Mijn wereld was aan het veranderen, maar alles wat ik deed en iedereen die ik op mijn weg ontmoette, leek volslagen onbelangrijk en onpersoonlijk. Iedereen, behalve Darlene. Destijds was Darlene de enige die tot me door kon dringen. Ze was ook de enige die er een poging toe deed. Ze stelde me voor aan haar man, haar gezin en een paar buren, inclusief Judy Prince - allemaal mensen die nog niet door mams negatieve invloed waren besmet. Nóg niet, tenminste.
Terugkijkend weet ik dat haar vriendelijkheid, haar genegenheid en de spontane manier waarop ze mij accepteerde, mijn redding zijn geweest. Wat Darlene me toen gaf was meer dan ik ooit van iemand had durven verwachten. Wat zij me gaf koesterde ik meer dan wat dan ook.
Ze gaf me respect, en de kans om te praten.
Ze schonk me vriendschap.
Ze gaf me hoop.
Vanaf de dag dat ik Darlene leerde kennen, veranderde mijn hele leven - in positieve, maar ook in negatieve zin.
Nu maakte ik mee wat een echt gezin moest doen om het goed te laten functioneren. Ik raakte er totaal van in de war; mijn behoefte en buitensporige verlangen tot zelfvernietiging raakten in conflict met de liefde en het respect dat me zo vrijelijk werd gegeven.
Als tiener had ik heel wat fouten gemaakt en verkeerde beslissingen genomen die me voor de rest van mijn leven hadden kunnen schaden. Gelukkig hebben maar een paar van die fouten me tot in mijn volwassenheid achtervolgd. Ik had er heel wat slechter aan toe kunnen zijn. Ik weet ook dat er vandaag de dag tieners zijn die er veel beroerder aan toe zijn dan ooit mijn geval is geweest. 2e zijn in hoge mate destructief, beschaamd, gekwetst en zeer gevaarlijk.
En ik weet nu ook waarom.
Bepaalde dingen in het leven moet je zelf ervaren: je eerste liefde, de geboorte van je eerste kind, het verlies van een dierbare. Sommige lessen leer je van de ervaringen van anderen.
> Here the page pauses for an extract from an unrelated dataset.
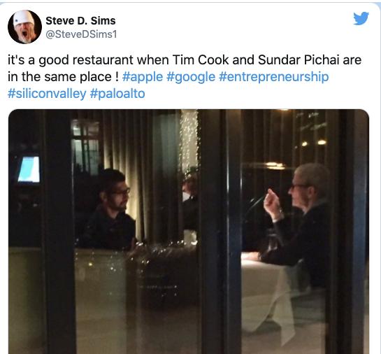 不过巨头间的竞争并非是零和博弈,大多是竞合关系。比如前文提到的两家巨头在搜索引擎上的合作,谷歌每年都要给苹果支付数十亿美元,看中的就是Safari的流量入口价值。2017年,苹果CEO蒂姆·库克和谷歌CEO桑达尔·皮查伊还被媒体拍到一起共同晚餐。

Die lessen besparen je het leergeld en de pijn van eigen ervaringen en ze geven je ook inzicht.
Dat is de reden dat dit boek is uitgegeven: om u een idee te geven waartoe een tot het uiterste gedreven tiener in staat is, en hoe wanhopig hij of zij kan worden in de zoektocht naar liefde en naar zichzelf.
Ik heb een vreselijke jeugd doorstaan waarin ik onvoorstelbaar ben mishandeld. De weinige mensen die ervan op de hoogte waren, hebben geen vinger uitgestoken om me te helpen. Ze waren bang voor ons.
Ik was verward en beschadigd. Gedurende mijn tienerjaren was ik alleen maar gericht op zelfdestructie. Het werd een deel van me en bepaalde wie ik was en hoe ik over mezelf dacht.
Deze ervaring heeft me meer geholpen dan menigeen ooit zal kunnen begrijpen. Tot nu.